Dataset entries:
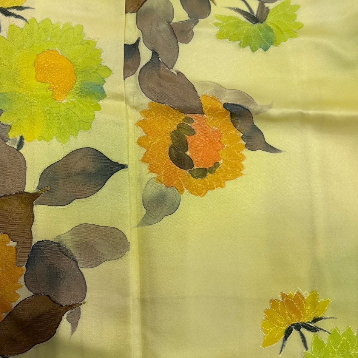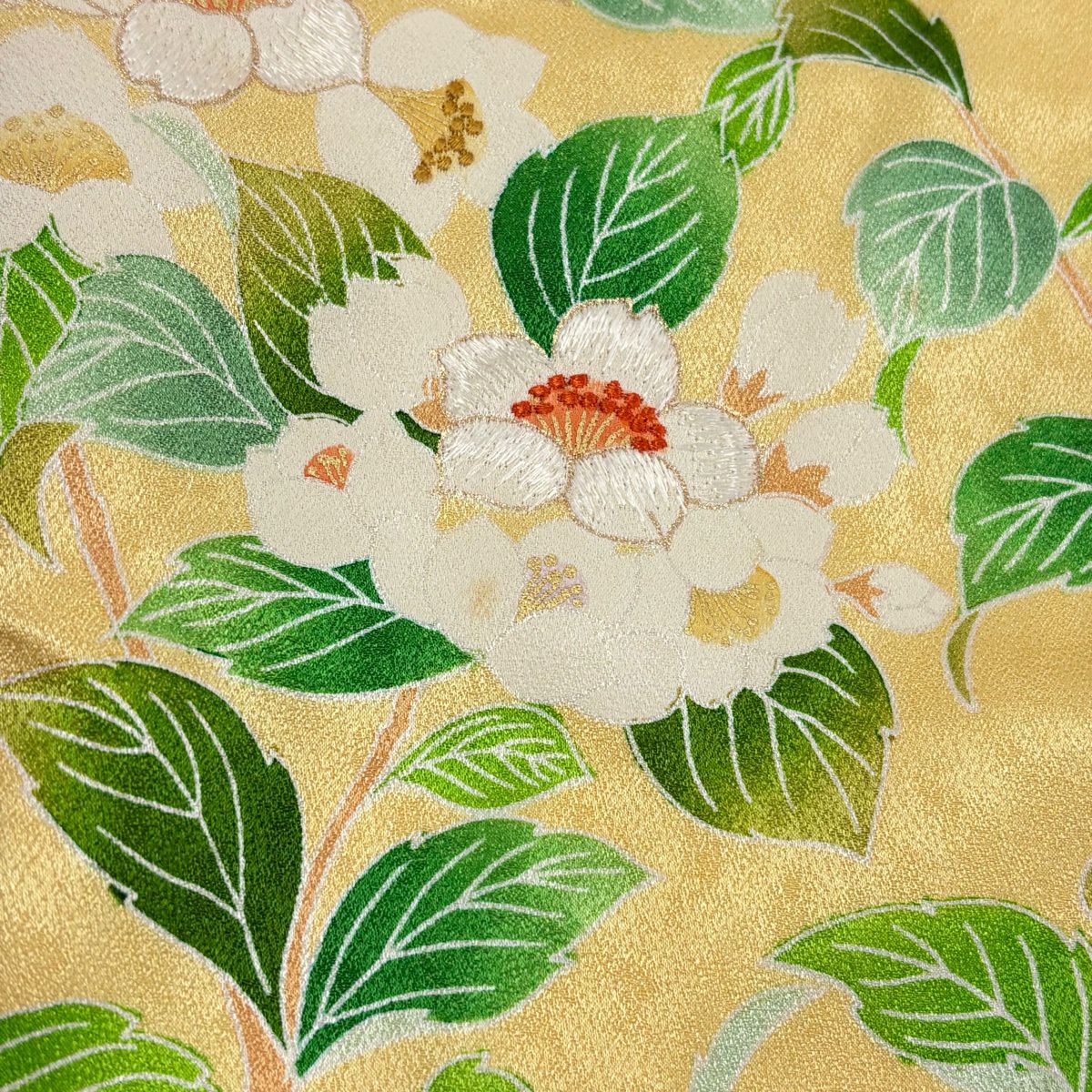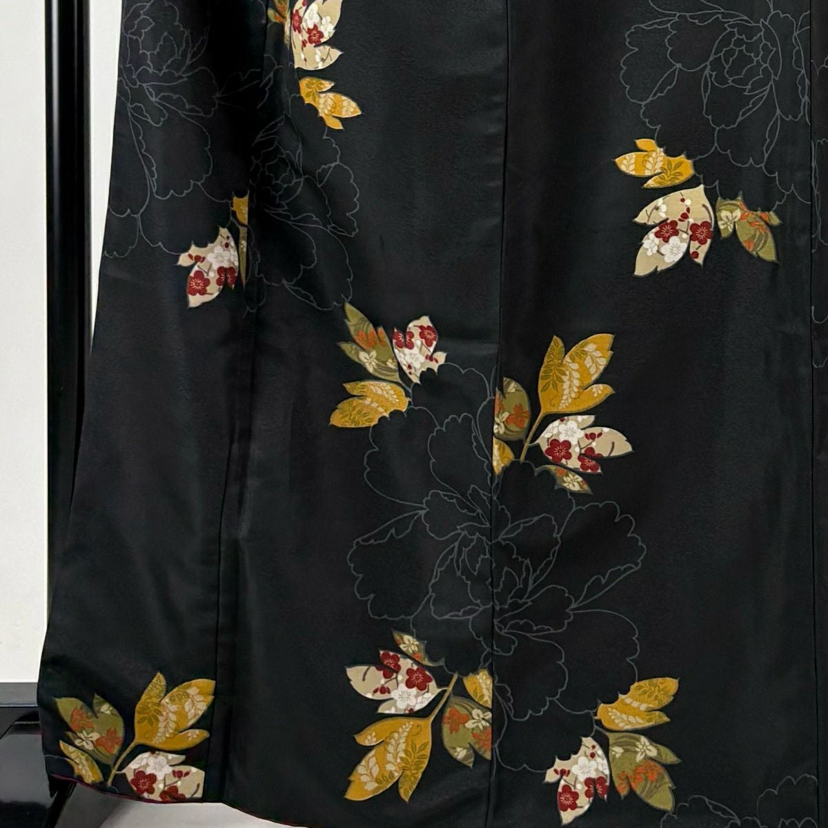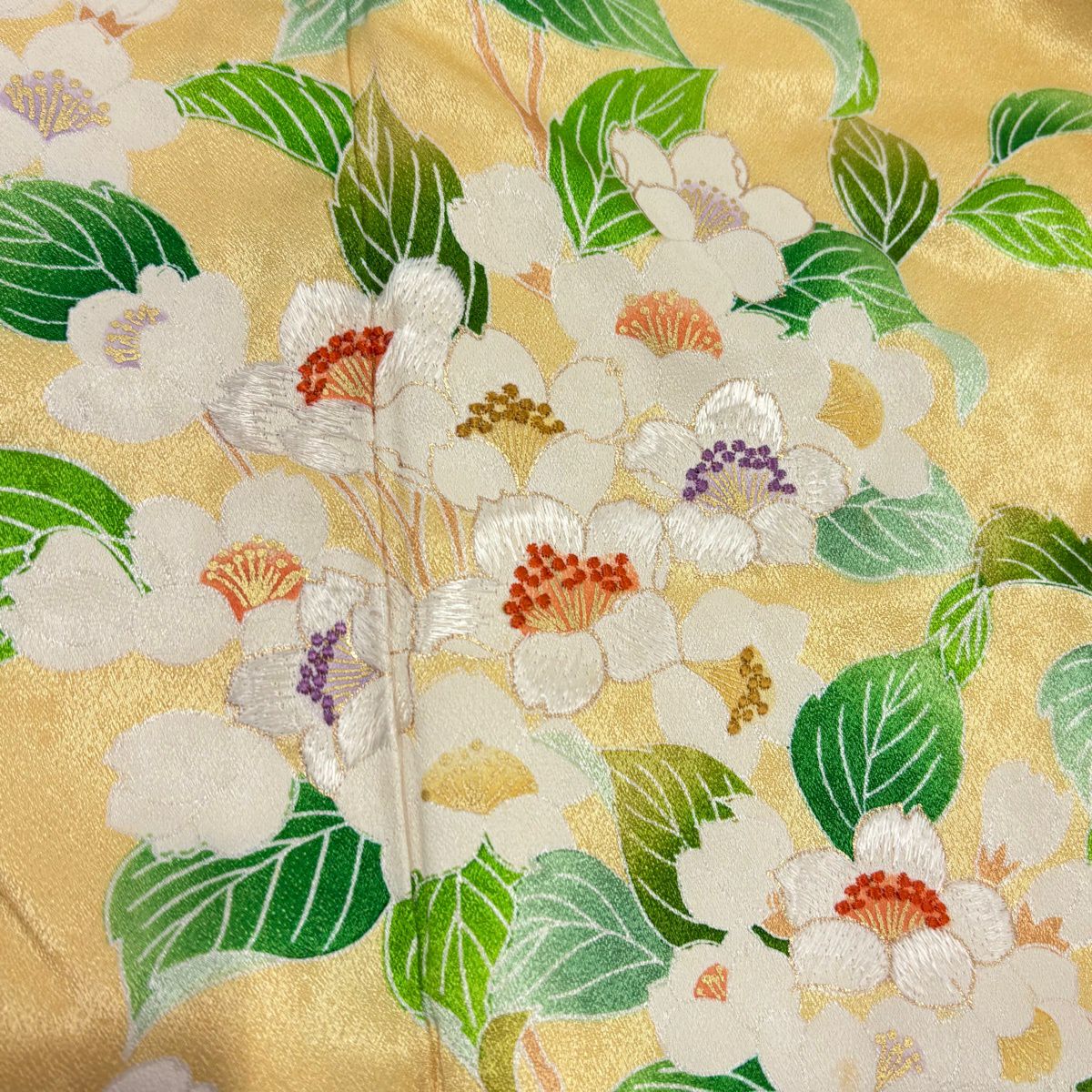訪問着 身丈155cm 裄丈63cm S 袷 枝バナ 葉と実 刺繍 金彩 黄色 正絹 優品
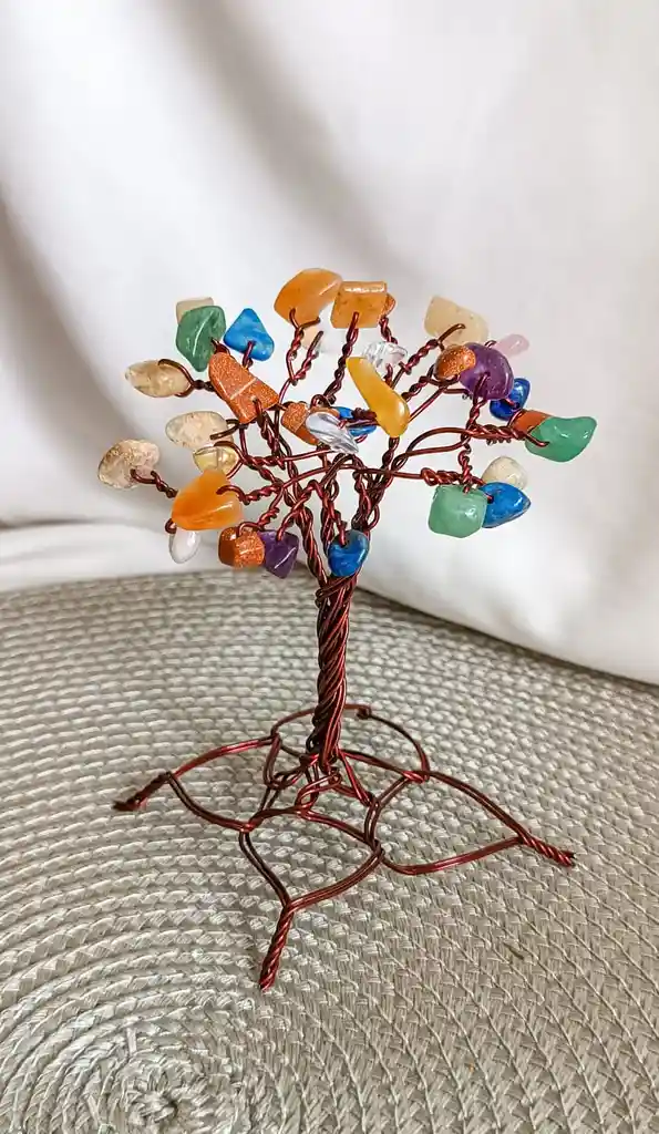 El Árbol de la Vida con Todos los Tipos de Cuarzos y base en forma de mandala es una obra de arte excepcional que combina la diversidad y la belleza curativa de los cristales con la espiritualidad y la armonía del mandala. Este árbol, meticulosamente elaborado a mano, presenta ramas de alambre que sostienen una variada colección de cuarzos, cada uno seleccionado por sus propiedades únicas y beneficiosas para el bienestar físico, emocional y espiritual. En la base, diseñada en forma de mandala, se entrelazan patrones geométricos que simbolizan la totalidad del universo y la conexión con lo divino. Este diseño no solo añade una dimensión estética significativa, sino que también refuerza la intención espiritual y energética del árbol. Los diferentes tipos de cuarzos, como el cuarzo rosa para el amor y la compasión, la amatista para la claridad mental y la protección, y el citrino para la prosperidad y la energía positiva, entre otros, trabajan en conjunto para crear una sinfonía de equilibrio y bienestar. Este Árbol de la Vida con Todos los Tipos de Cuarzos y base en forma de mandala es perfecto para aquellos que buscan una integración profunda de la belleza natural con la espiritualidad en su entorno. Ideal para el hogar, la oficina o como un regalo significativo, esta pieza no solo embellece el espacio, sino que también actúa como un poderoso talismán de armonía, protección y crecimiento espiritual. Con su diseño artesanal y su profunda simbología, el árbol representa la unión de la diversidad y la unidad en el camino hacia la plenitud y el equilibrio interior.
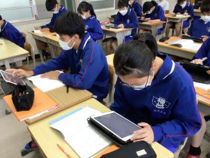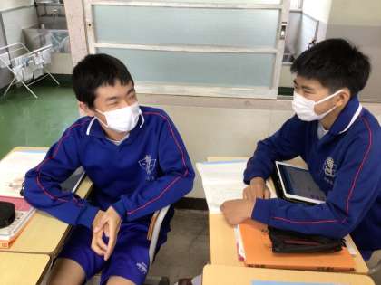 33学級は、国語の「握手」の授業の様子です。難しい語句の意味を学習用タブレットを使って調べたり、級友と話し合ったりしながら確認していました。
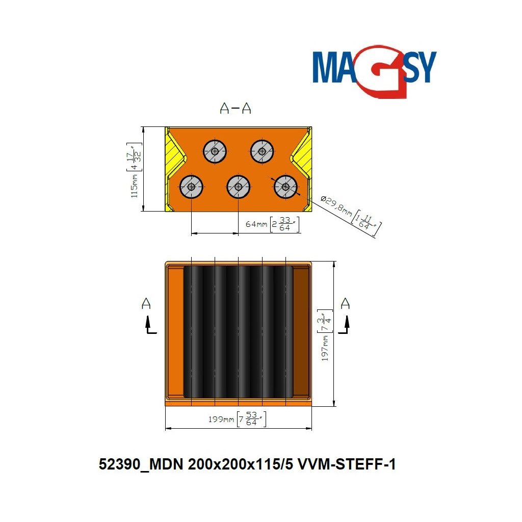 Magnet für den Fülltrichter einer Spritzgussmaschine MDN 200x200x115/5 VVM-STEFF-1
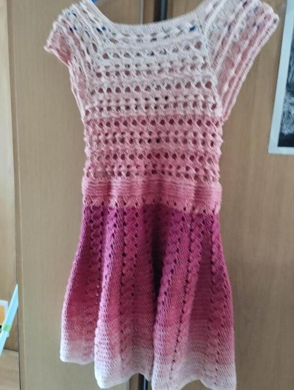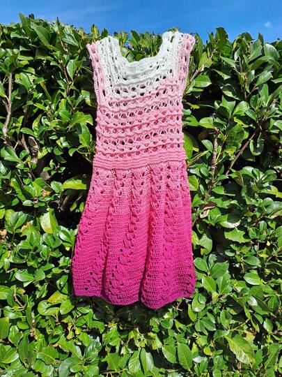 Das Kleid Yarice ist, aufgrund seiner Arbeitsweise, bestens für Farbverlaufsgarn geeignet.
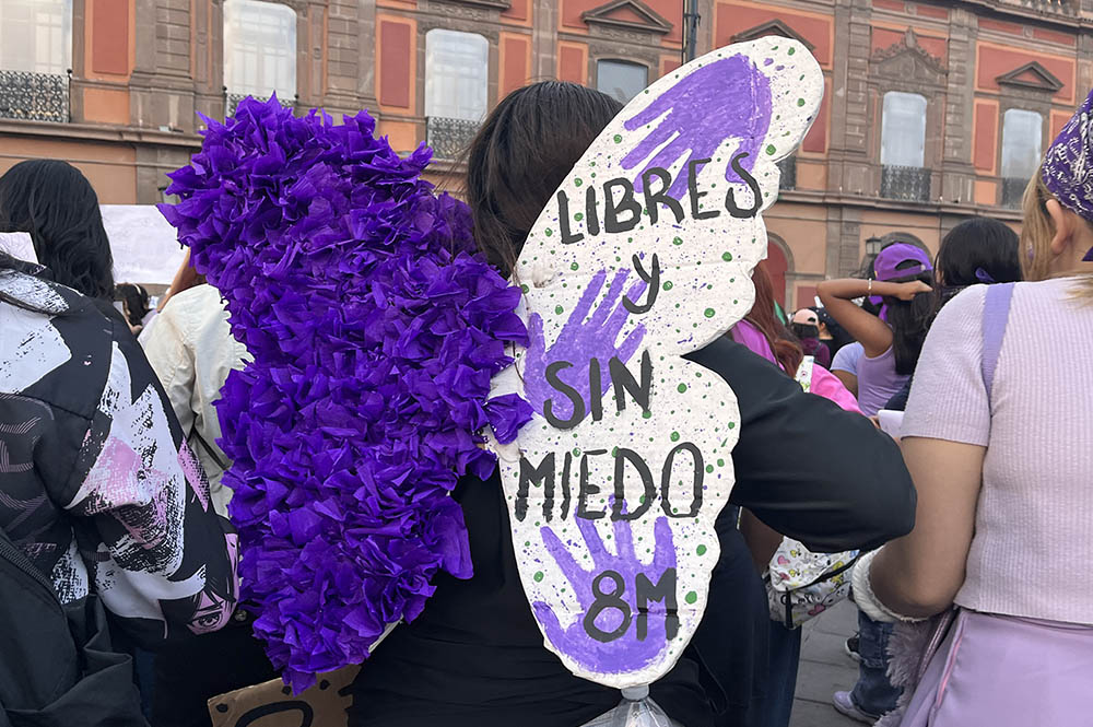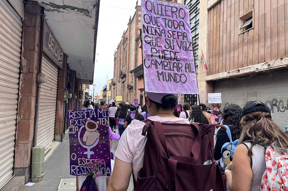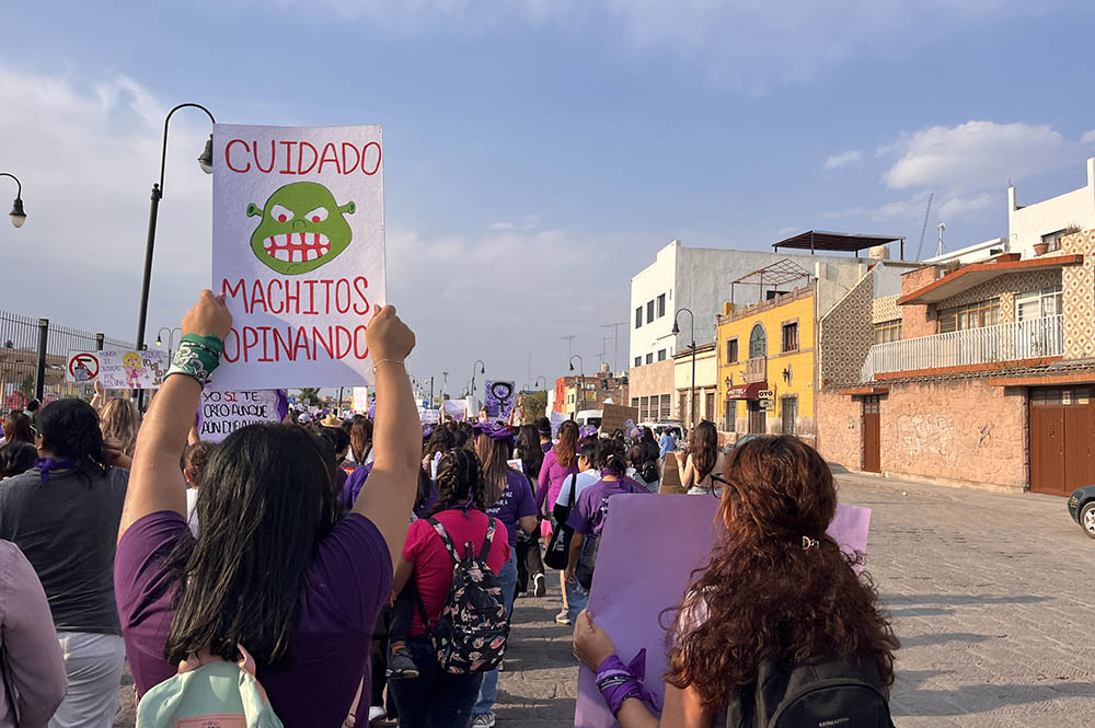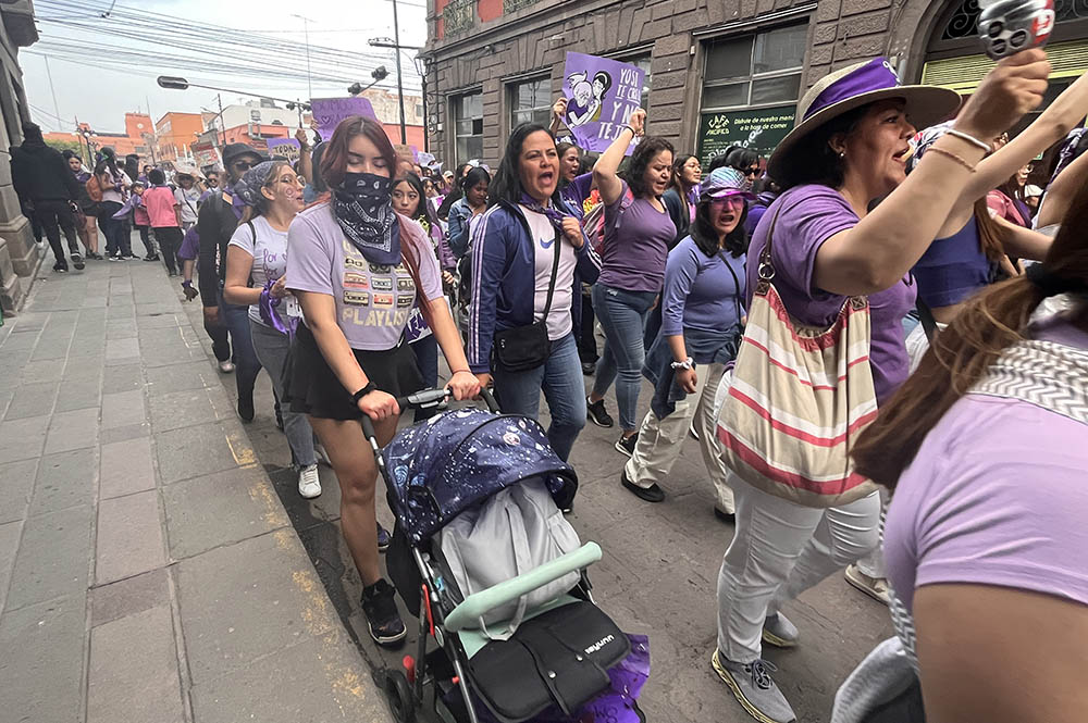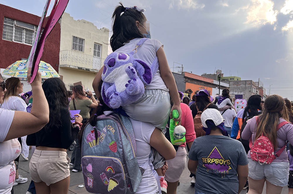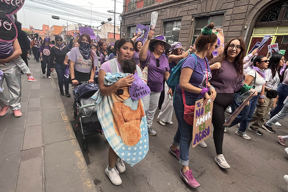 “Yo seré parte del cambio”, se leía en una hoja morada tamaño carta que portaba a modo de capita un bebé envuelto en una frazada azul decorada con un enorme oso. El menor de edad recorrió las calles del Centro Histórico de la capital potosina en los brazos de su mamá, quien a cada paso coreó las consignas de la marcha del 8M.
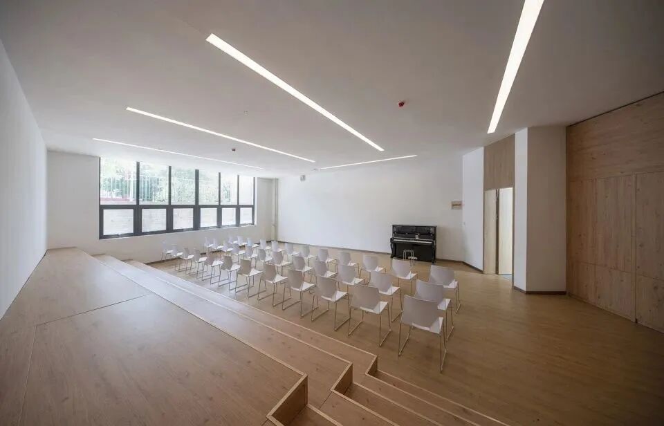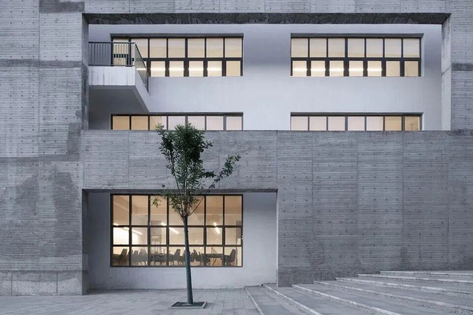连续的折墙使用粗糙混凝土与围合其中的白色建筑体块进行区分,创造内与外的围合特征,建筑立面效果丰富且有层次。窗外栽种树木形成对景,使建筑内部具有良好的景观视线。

**Task statement**
Copy every entry exactly, leaving out the pictures.

**Solution below**
訪問着 身丈155cm 裄丈63cm S 袷 枝バナ 葉と実 刺繍 金彩 黄色 正絹 優品
 El Árbol de la Vida con Todos los Tipos de Cuarzos y base en forma de mandala es una obra de arte excepcional que combina la diversidad y la belleza curativa de los cristales con la espiritualidad y la armonía del mandala. Este árbol, meticulosamente elaborado a mano, presenta ramas de alambre que sostienen una variada colección de cuarzos, cada uno seleccionado por sus propiedades únicas y beneficiosas para el bienestar físico, emocional y espiritual. En la base, diseñada en forma de mandala, se entrelazan patrones geométricos que simbolizan la totalidad del universo y la conexión con lo divino. Este diseño no solo añade una dimensión estética significativa, sino que también refuerza la intención espiritual y energética del árbol. Los diferentes tipos de cuarzos, como el cuarzo rosa para el amor y la compasión, la amatista para la claridad mental y la protección, y el citrino para la prosperidad y la energía positiva, entre otros, trabajan en conjunto para crear una sinfonía de equilibrio y bienestar. Este Árbol de la Vida con Todos los Tipos de Cuarzos y base en forma de mandala es perfecto para aquellos que buscan una integración profunda de la belleza natural con la espiritualidad en su entorno. Ideal para el hogar, la oficina o como un regalo significativo, esta pieza no solo embellece el espacio, sino que también actúa como un poderoso talismán de armonía, protección y crecimiento espiritual. Con su diseño artesanal y su profunda simbología, el árbol representa la unión de la diversidad y la unidad en el camino hacia la plenitud y el equilibrio interior.
 33学級は、国語の「握手」の授業の様子です。難しい語句の意味を学習用タブレットを使って調べたり、級友と話し合ったりしながら確認していました。
 Magnet für den Fülltrichter einer Spritzgussmaschine MDN 200x200x115/5 VVM-STEFF-1
 Das Kleid Yarice ist, aufgrund seiner Arbeitsweise, bestens für Farbverlaufsgarn geeignet.
 “Yo seré parte del cambio”, se leía en una hoja morada tamaño carta que portaba a modo de capita un bebé envuelto en una frazada azul decorada con un enorme oso. El menor de edad recorrió las calles del Centro Histórico de la capital potosina en los brazos de su mamá, quien a cada paso coreó las consignas de la marcha del 8M.
连续的折墙使用粗糙混凝土与围合其中的白色建筑体块进行区分,创造内与外的围合特征,建筑立面效果丰富且有层次。窗外栽种树木形成对景,使建筑内部具有良好的景观视线。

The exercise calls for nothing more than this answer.